In a move that caught many insiders off guard, China has seized the top spot in the global supercomputer ranking with a system that completely does away with GPUs. The new champion, delivering 2.198 exaflops of sustained performance (Rmax), ended the reign of El Capitan, the US system built on AMD accelerators and CPUs. The news resonates strongly at a time when AI is defined by an insatiable appetite for GPUs: here, not a single specialized accelerator is present.

The rise of homogeneous compute

The result certified by the TOP500 list proves that an architecture composed entirely of tens of thousands of general-purpose processors can reach exascale without relying on vector accelerators. The system’s core is likely based on domestic many-core designs, capable of handling massive parallelism and traditional HPC workloads, but also – as the community is beginning to speculate – deep neural network inference work. The absence of GPUs brings a constraint: aggregate memory bandwidth remains the critical factor, because the processors must feed hundreds of cores without the dedicated HBM typically found on accelerator boards. Still, the outcome opens scenarios where a CPU alone, if engineered with a high core count and a well-tuned memory hierarchy, can compete on throughput and latency with comparable GPU clusters – especially when the model is aggressively quantized or when the bottleneck is data movement rather than peak compute.

What changes for on-premises adopters

For organizations evaluating on-premises LLM deployment, the message is twofold. On one hand, accelerator silicon remains scarce, with lead times that can exceed a year for the most in-demand models. On the other, CPU-only systems offer a gentler operational learning curve: they require no proprietary drivers or separate software stacks and can be managed through ordinary tooling, reducing lifecycle complexity. In batch inference or light fine-tuning scenarios, where throughput-per-watt matters more than peak teraflops, a high-density CPU server fleet may represent a concrete alternative to GPU nodes, particularly when paired with quantization techniques that ease memory bandwidth pressure.

AI-RADAR has long tracked the evolution of architectures aimed at those pursuing data sovereignty and direct hardware control. The Chinese case shows that the CPU-only option is not just a fallback but a viable path to HPC-grade performance while respecting budget and supply chain constraints. Trade-offs remain, of course: modern GPU compute density is still superior on matrix-bound workloads, and the software ecosystem for distributed training on CPUs is less mature. Yet if the goal is serving pre-trained models in an enterprise setting, the gap narrows.
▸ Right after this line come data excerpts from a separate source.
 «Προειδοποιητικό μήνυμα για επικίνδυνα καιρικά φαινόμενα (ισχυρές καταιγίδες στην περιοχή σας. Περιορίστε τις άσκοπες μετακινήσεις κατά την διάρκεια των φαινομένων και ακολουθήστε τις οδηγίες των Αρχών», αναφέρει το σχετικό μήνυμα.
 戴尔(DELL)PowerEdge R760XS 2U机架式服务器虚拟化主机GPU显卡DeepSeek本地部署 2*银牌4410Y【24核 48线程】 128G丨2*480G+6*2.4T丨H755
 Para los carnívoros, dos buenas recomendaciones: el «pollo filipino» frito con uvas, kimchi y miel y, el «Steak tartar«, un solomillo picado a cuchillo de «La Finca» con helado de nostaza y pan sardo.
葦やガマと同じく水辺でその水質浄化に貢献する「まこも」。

The geopolitical factor and technological sovereignty

Behind the overtaking lies a strategic push. The US administration has imposed export restrictions on advanced semiconductors to China, accelerators foremost. Building an exascale supercomputer without GPUs thus becomes a statement of self-reliance. For European and Italian enterprises, the lesson is clear: dependence on a single silicon supplier for AI introduces operational risk. Diversification toward commodity or custom CPU architectures can enter mid-term TCO evaluations, especially when maintenance contracts and hardware lifespans extend beyond three years.
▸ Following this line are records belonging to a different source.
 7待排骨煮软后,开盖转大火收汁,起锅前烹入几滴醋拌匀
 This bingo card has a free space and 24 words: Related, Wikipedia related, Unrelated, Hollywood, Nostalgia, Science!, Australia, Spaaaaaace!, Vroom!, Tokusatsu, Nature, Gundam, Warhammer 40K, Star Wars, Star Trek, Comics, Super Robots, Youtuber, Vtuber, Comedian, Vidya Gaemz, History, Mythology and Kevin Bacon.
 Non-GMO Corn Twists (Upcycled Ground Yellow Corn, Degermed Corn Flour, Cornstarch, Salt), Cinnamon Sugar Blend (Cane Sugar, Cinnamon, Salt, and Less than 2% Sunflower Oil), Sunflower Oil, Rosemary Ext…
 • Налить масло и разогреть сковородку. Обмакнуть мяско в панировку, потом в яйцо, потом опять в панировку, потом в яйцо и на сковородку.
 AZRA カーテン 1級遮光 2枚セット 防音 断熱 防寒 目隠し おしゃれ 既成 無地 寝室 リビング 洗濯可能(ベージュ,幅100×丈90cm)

It remains to be seen whether this approach will influence the design of next-generation enterprise systems for AI workloads. CPU vendors are already integrating matrix compute units and reduced numerical formats suitable for inference. The Chinese milestone may accelerate a trajectory that leads from HPC rooms to corporate racks, making self-hosted CPU-based setups not a niche choice but a strategically grounded one.